Write your answers in the comments section below


COMMENTS (14)
  • dianner-2-bar
    1/29/2016 - 07:10 p.m.

    There were two main reasons why Ben Orkin was in a hurry. One of the reasons was that he wanted to set the world record from kayaking and the second reason was because of the curtains were getting really hard and they kept pushing his kayak. This article is fantastic because it shows how you can beat thing and you had to be brave there were many risks on going alone and getting lost and so many reasons but you had to net give up. The people who saw him were making him try harder clapping for him and for me that would want me to actually try to beat the record and this article was just great.

  • ahnaliel-jon
    2/01/2016 - 10:04 a.m.

    This story is tells me about a guy named Orkin set a record and finished taking a trip on the Grand Canyon. That took time, hard work, and courage.

  • vincentl-ver
    2/01/2016 - 10:10 a.m.

    I think that it takes a lot of work and training to complete such a challenge, let alone with a time limit.

  • jareelj-rob
    2/01/2016 - 01:38 p.m.

    I like this I am going to try this some day.

  • alyssal1-hor
    2/01/2016 - 04:30 p.m.

    The authors purposes of writing this is to inform readers about what Ben Orkin did and how hard it was. I learned how hard it can be to kayak and how much training you have to do to reach a goal so big.

  • kendallb-nar
    2/01/2016 - 06:45 p.m.

    Ben Orkin was in a rush because the curtain things kept moving his kayak and it was hard to be able to move the kayak. I'd be in a hurry too if i were in his position.

  • carsonb-2-bar
    2/02/2016 - 02:17 a.m.

    On January 24th a Denver man named Ben Orkin paddled his kayak down a 277-mile stretch of the Colorado River in just over 34 hours. It's the fastest trip on record. Tom Martin, Secretary of the Grand Canyon Historical Society, said Ben beat a record set the previous week.

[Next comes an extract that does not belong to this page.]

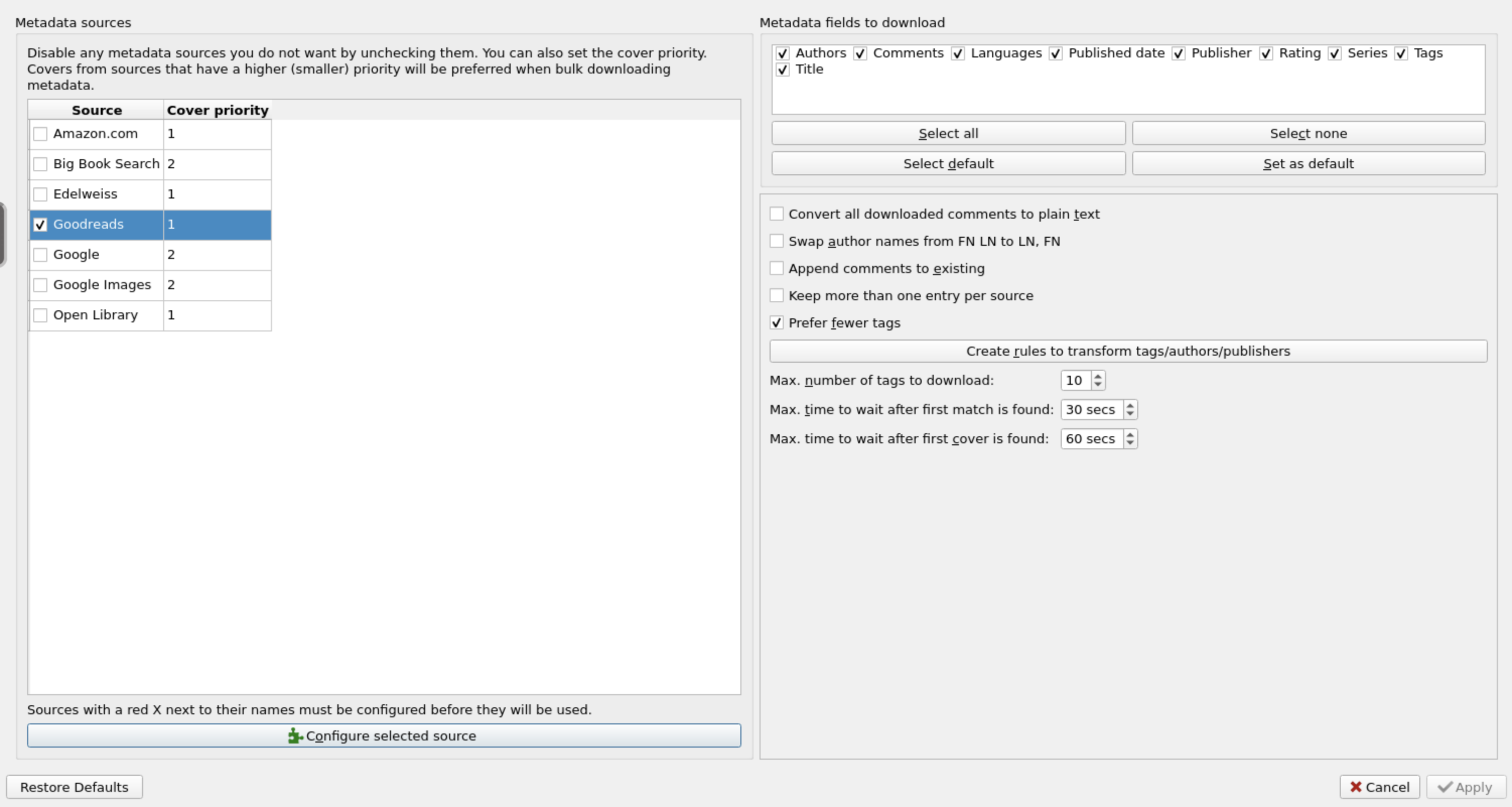 The goal of this post is to provide arguably the best method of organizing your Calibre library without doing any manual classification. It will assign each book to a set of tags, and also assign each book to a single hierarchical genre (how physical book stores classify books). **IMPORTANT: This method will modify your Library irreversibly. You're strongly encouraged to backup your library before proceeding.** Tags & Genres This approach should result in your books having relevant tags, and having genres that a decent book store would place them in. Isaacson's "Benjamin Franklin" would get automatically get placed into Nonfiction.Biography, Frank Herbert's "Dune" would get placed into Fiction.Science Fiction, and so on. ### Background There are two general methods of categorizing information: tags and a genre hierarchical structures. They both have benefits and drawbacks. Tags provide a comprehensive way of assigning all relevant topics to a book. But they can often get disorganized, duplicated and unwieldy. It's not uncommon for people with large libraries to have thousands of inconsistently named tags (sciencefiction, Science Fiction, science-fiction) with many duplicates. Genres on the other hand aim to find the most relevant classification. While the book "Dune" could be accurately tagged "Adventure, Fantasy, Science Fiction, Novels, Space Opera", I think we'd all agree if you had to place it in a single aisle in a bookstore it would be best placed in the "Science Fiction" aisle. This method gives the best of both worlds, multiple tags and a single canonical hierarchical genre. ### Tagging On to the good stuff. First, we'll be using Goodreads as the sole source of tags for books. Goodreads provides the best tagging classification I've yet seen. There is less noise than the publisher provided tags, and tags seem to have been de-duplicated to provide a good starting point for classification. To get started with Goodreads, make sure you have the Goodreads plugin by Grant Drake. **Warning: This method requires you to wipe all your existing tags and rely on Goodreads provided tags.** First we'll be removing all existing tags on your books. #### Removing tags To remove all your existing tags, select all the books you'd like to update, right click context menu -> Edit metadata -> Edit metadata in bulk. Then go to the Basic metadata tab, and click the "Clear all" checkbox to the right of the "Remove tags" input field. Then finally click "OK" to clear the tags from your library. #### Adding Goodreads Tags Select all the books you'd like to update, right click to -> Edit metadata -> Download metadata and covers. The click the "Configure Download" button. Make sure that ONLY the Goodreads source is checked under "Metadata sources". This step is optional, but I prefer to have Goodread's original tags so I click "Configure selected source" for Goodreads, and uncheck the "Filter and map genres to calibre tags" button. While on this screen make sure that the "Tags" checkbox is selected (it should be by default). For the other metadata field you can leave them checked if you want to override your existing library metadata for those fields. Finally, click "Save". I also set the maximum number of tags to 10 (anymore than that for a single book will likely be noise. Here's my configuration: Click "Apply" to update configuration. And then on the Schedule Download page, you can click either "Download only metadata" if you only want metadata, or "Download both" if you'd like to download metadata and cover images from Goodreads. I already had cover images in my library, so I only clicked "Download only metadata" to speed up the process. But if you're missing cover images you might want to grab both. This process will take several minutes for larger libraries as Calibre updates your metadata with tags from Goodreads. Once this is complete, Calibre will ask you if you want to update your library with the metadata. Click "Yes" to agree. This will also take several minutes if you have a larger library. At the end of this process you should have most of your books that could be matched with updated tags from Goodreads. If all you want are clean tags in your library, you can stop the guide here. But if you'd like to classify books by Genre as well, then proceed. ### Auto Genres Now that you have a single source for your tags, the next step is to classify each book into a single hierarchical genre. I prefer to keep genres simple and have only a single level deep for the hierarchy. The top level genre for books will only be one of "Fiction" or "Nonfiction". The next level would be the single most relevant tag. Fortunately, Goodreads tags are returned with an important property: they are pre-sorted in order of relevance! That means to determine a books genre, we must first extract either the "Fiction" or "Nonfiction" tag from a book, then get the next most relevant tag. To do this, I'm going to start by creating an intermediate column called "Autogenre" which is automatically generated from the imported tags. Go to "Preferences" -> "Add your own columns". Make the "Lookup name" field "autogenre" and make the Column heading "Auto Genre". The "Column type" field should be "Column built from other columns". Finally under the "Template" field paste the following code: program: tags = field('tags'); unsorted_tags = raw_list('tags', ','); top_tag = str_in_list(tags, ',', 'Fiction', 'Fiction', 'Nonfiction'); subtags = list_difference(unsorted_tags, 'Nonfiction,Fiction,Audiobooks,Audiobook', ','); first_subtag = list_item(subtags, 0, ','); genre = list_union(first_subtag, top_tag, '.'); This code ensures we keep the default sorting provided by Goodreads (Calibre normally sorts tags alphabetically), then extracts the top level tag by checking if a book is tagged Fiction or not. If you'd like additional top level tags, you will need to modify this code, but keeping it simple with two top level tags, works for me. The most r

    Mr. Orkin was in such a hurry because he got an email on his way to the river from another kayaker saying four other guys just finished the trip in 35 hours and five minutes. Knowing that was motivation for him to try harder to beat their time.

    Ben was very experienced. He grew up in a family of rafters and spent years training on the river. His training and experience paid off. During the trip he rolled his kayak. He was able to get back in and keep going and set a new record. Martin, of the Grand Canyon Historical Society, used GPS to track him. His journey was over when he reached Lake Mead on the Arizona-Nevada border.

    I thought this was a great story. I liked the idea that Ben trained for years before setting the record. He was a very determined athlete.

  • jeremym-
    2/02/2016 - 08:39 a.m.

    He was in such a hurry to beat the time of the world record.

  • Eugene0808-YYCA
    2/03/2016 - 08:45 p.m.

    I think this is cool because Ben Orkin managed to beat the most recent record right after hearing about it. Paddling for 34 hours is very exhausting but people manage to do it. Running rapids in the dark is also difficult because you can barely see anything and you are constantly being tossed around by the water. It's very dangerous because even with lights, you can barely see what is on front of you.
    Why was Ben Orkin in such a hurry?
    Answer: Ben Orkin was in such a hurry because he had to beat the record set the previous week.

  • satvikg-nar
    2/04/2016 - 08:05 p.m.

    Awesome! This guy actually beat the kayaking record! Sure it was tough when he had to cross the rapids and when he flipped over, but he still made it.